3.3 Code Logic and Involved Technologies
3.3.1 Process Pseudocode
# Monitoring authentication process - main process
Get application configuration (API ID/Key, etc.)
Initialize GPIO pins (prepare to control sensors, relays)
Start video management process (auxiliary process)
Start loop:
if not distance measurement meets trigger standard:
continue
Communicate with auxiliary process (capture current frame, save to specified path, and add "Authenticating" watermark)
Call cloud API, use the frame image for face recognition
if recognition successful:
Communicate with auxiliary process (change watermark to "Authentication Successful")
Wait for 5 seconds
Shut down or continue running (as specified by the su2halt field in config.json)
else:
Communicate with auxiliary process (change watermark to "Authentication Failed")
Wait for 2 seconds
Communicate with auxiliary process (clear watermark)
# Video management process - auxiliary process
Initialize camera
Start loop:
Capture frame
Access inter-process shared queue
Perform different operations based on messages (save frame image/add different watermarks/do nothing)
Output frame
3.3.2 Video and Recognition
-
Real-time Video
As shown in the pseudocode above, real-time video is displayed by processing frames sequentially and continuously outputting.
-
Trigger Recognition
The distance sensor confirms that an object is close, and if the distance change is less than 2cm within 0.3 seconds, it is confirmed as waiting for authentication status. After a delay of 0.3 seconds, the image frame is captured. The reason for the additional delay is that when the object stops, there may be twisting, fine-tuning, and other movements.
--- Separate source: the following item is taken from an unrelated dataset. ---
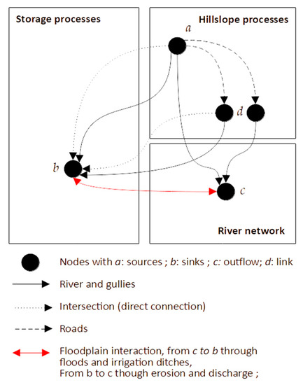 An oriented graph used to schematise these interactions (Figure 8) helps to distinguish sediment sinks and sediment outflow in the study area. Black edges refer to structural connections between sources and sinks. The red edge refers to a functional floodplain interaction between the river network and temporary sinks. Table 1 summarises the different types of connections deduced from the fieldwork (Figure 7) and their graphic formalisation (Figure 8). The connection classes are then used for connection mapping.

If the frame is captured directly, due to insufficient lighting (as mentioned in the constraints above), blurriness may occur, so another delay ensures a stable image capture.
-
Face Recognition
Please refer to the documentation introduction.
3.3.3 Image Watermark
-
Watermark Principle
In OpenCV, various image processing functions are provided, such as image-text processing (image plus text), image-image processing (addition/subtraction/multiplication/division/bitwise operations between images), etc. By using different processing methods, various effects can be achieved, such as adding text to the background image, adding images to the background, masking processing, etc. In this case, a masking processing method based on bitwise operations is used.
-
Watermark Image
To facilitate maintenance and updates, this case uses images as the source of watermarks to avoid font library constraints, increase flexibility, and easily add graphics to the watermark, directly defining the watermark size by resolution, and achieving WYSIWYG.
The default watermark image has a white background and black text.
-
Watermark Processing Logic
To highlight the floating effect of the watermark, the black area in the watermark image is made transparent and overlaid onto the original image. Due to the transparency effect of the font, the watermark font color changes with the base video, resulting in a more pronounced effect.
Source code explanation
# img1 is the current video frame (background), img2 is the watermark image read
def addpic(img1,img2):
# Focus area ROI - take the image in the background that will be edited by the watermark image
rows, cols = img2.shape[:2]
roi = img1[:rows, :cols]
# Grayscale image - avoid watermark image being non-pure black and white
img2gray = cv2.cvtColor(img2, cv2.COLOR_BGR2GRAY)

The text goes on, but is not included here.